Material provided:
=-=-=-=-=
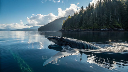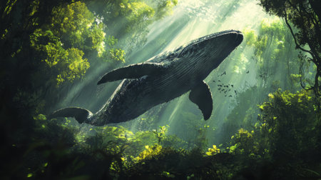 A whale swimming in the ocean surrounded by trees and plants, AI
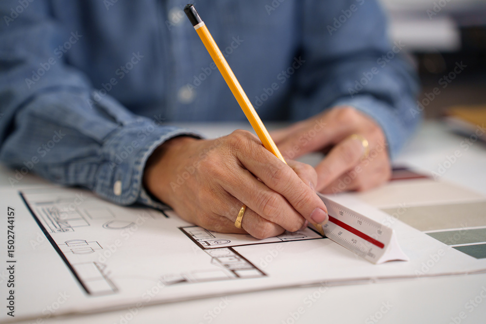 Architect Hands Drawing Blueprint Design with Pencil and Ruler Older Asian Hands for Home Construction Planning Design
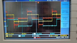 黄色和蓝色波形分别是 DPWM0A 和 DPWM1A 的输出。 给出了一定的相移以获得大约40%的相移。 但正如红色波形(DPWM0A - DPWM1A)中所示、它是不对称的。
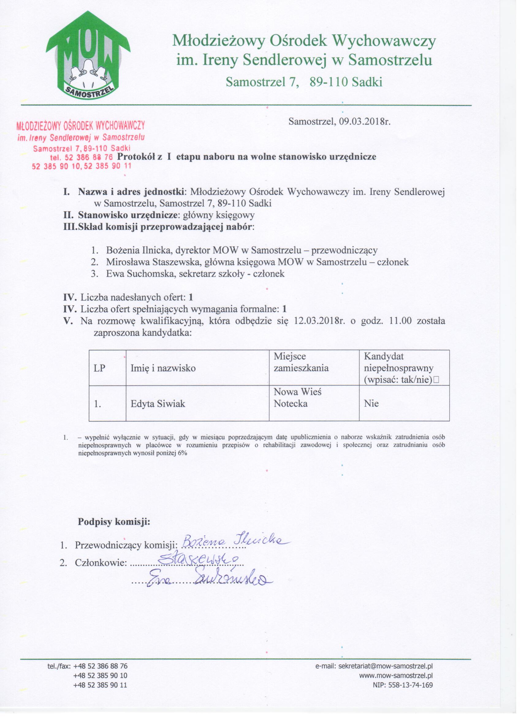 | protokół z I etapu naboru | dodany: 15:34, 20.03.2018 | przez: Bożena Ilnicka |
=-=-=-=-=
Problem statement: Begin at the line that contains "黄色和蓝色波形分别是 DPWM0A 和" and transcribe every line through the end of the listing, exactly as written. Omit the pictures.

Reply:
 黄色和蓝色波形分别是 DPWM0A 和 DPWM1A 的输出。 给出了一定的相移以获得大约40%的相移。 但正如红色波形(DPWM0A - DPWM1A)中所示、它是不对称的。
 | protokół z I etapu naboru | dodany: 15:34, 20.03.2018 | przez: Bożena Ilnicka |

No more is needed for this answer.